Chapter 5. Character Classes

I’ll now talk more about character classes or what are sometimes called bracketed expressions. Character classes help you match specific characters, or sequences of specific characters. They can be just as broad or far-reaching as character shorthands—for example, the character shorthand \d will match the same characters as:

0-9

But you can use character classes to be even more specific than that. In this way, they are more versatile than shorthands.

Try these examples in whatever regex processor you prefer. I’ll use Rubular in Opera and Reggy on the desktop.

To do this testing, enter this string in the subject or target area of the web page:

! " # $ % & ' ( ) * + , - . /
0       1       2       3       4       5       6       7       8       9
: ; < = > ? @
A B C D E F G H I J K L M N O P Q R S T U V W X Y Z
[ \ ] ^ _ `
a b c d e f g h i j k l m n o p q r s t u v w x y z
{ | } ~

You don’t have to type all that in. You’ll find this text stored in the file ascii-graphic.txt in the code archive that comes with this book.

To start out, use a character class to match a set of English characters—in this case, the English vowels:

[aeiou]

The lowercase vowels should be highlighted in the lower text area (see Figure 5-1). How would you highlight the uppercase vowels? How would you highlight or match both?

Figure 5-1. Character class with Rubular in the Opera browser

With character classes, you can also match a range of characters:

[a-z]

This matches the lowercase letters a through z. Try matching a smaller range of those characters, something like a through f:

[a-f]

Of course, you can also specify a range of digits:

[0-9]

Or an even smaller range such as 3, 4, 5, and 6:

[3-6]

Now expand your horizon. If you wanted to match even numbers in the range 10 through 19, you could combine two character classes side by side, like this:

\b[1][24680]\b

Or you could push things further and look for even numbers in the range 0 through 99 with this (yes, as we learned in high school, zero by itself is even):

\b[24680]\b|\b[1-9][24680]\b

If you want to create a character class that matches hexadecimal digits, how would you do it? Here is a hint:

[a-fA-F0-9]

You can also use shorthands inside of a character class. For example, to match whitespace and word characters, you could create a character class like this:

[\w\s]

Which is the same as:

[_a-zA-Z \t\n\r]

but easier to type.

Negated Character Classes

You have already seen syntax a number of times, so I’ll be brief. A negated character class matches characters that do not match the content of the class. For example, if you didn’t want to match vowels, you could write (try it in your browser, then see Figure 5-2):

[^aeiou]

In essence, the caret (^) at the beginning of the class means “No, I don’t want these characters.” (The caret must appear at the beginning.)

Figure 5-2. Negated character class with Regexpal in Opera

Union and Difference

Character classes can act like sets. In fact, one other name for a character class is a character set. This functionality is not supported by all implementations. But Java supports it.

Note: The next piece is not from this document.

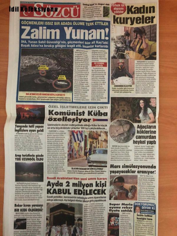 Sözcü Gazetesi, 9 Ağustos 2021, Rahmi Turam, Mecati Doğru, Sinan Meydan, Nilay Kartaltepe, Ahu Pakdemirli, Murat Emir, Nevzat Yanmaz, Deniz Ayhan, Saygı Öztürk, Prof. Ismail Cinel, Prof. Ayşe Özcan, Thomas Bach, Allyson Felix, Buke Madaye, Kirsty Wanh Gioiage, Caeleb Dressel, Alex Teixeira, Josef de Souza, Lopez, Kaalp Gurgle, Sam An, Momiji Nishiya, Mete Can Oz, Yasemin Ecem, Dana Taurasi, Sue Bird, Novak Djokovic, Kobei Uchimura, Boat Lyles, Naomi Osaka, Simone Bles, Michy Batshuayi, Diego Costa, Ricardo, Andris Treimanis, Adam Farkas, Andris Treimanis, Ricardo de Burgos, Victor Nelsson, Kerem Tunçeri, Kamil Jozwiak, Wayne Rooney, Hakemler Belli Oldu, Beşiktaş, Alex Teixeira'ya Kavuşuyor, Josef'in Büyük Katkısı Oldu adlı eser, Kitap > Süreli Yayınlar > Gazeteler kategorisinde İkinci El olarak satıştadır.

I’ll now show you a Mac desktop application called Reggy (see Technical Notes). Under Preferences (Figure 5-3), I changed the Regular Expression Syntax to Java, and in Font (under Format), I changed the point size to 24 points for readability.

Figure 5-3. Reggy preferences

If you wanted a union of two character sets, you could do it like this:

[0-3[6-9]]

The regex would match 0 through 3 or 6 through 9. Figure 5-4 shows you how this looks in Reggy.

Figure 5-4. Union of two character sets in Reggy

To match a difference (in essence, subtraction):

[a-z&&[^m-r]]

Figure 5-5. Difference of two characters sets in Reggy

which matches all the letters from a to z, except m through r (see Figure 5-5).

POSIX Character Classes

POSIX or Portable Operating System Interface is a family of standards maintained by IEEE. It includes a regular expression standard, (ISO/IEC/IEEE 9945:2009), which provides a set of named character classes that have the form:

[[:xxxx:]]

where xxxx is a name, such as digit or word.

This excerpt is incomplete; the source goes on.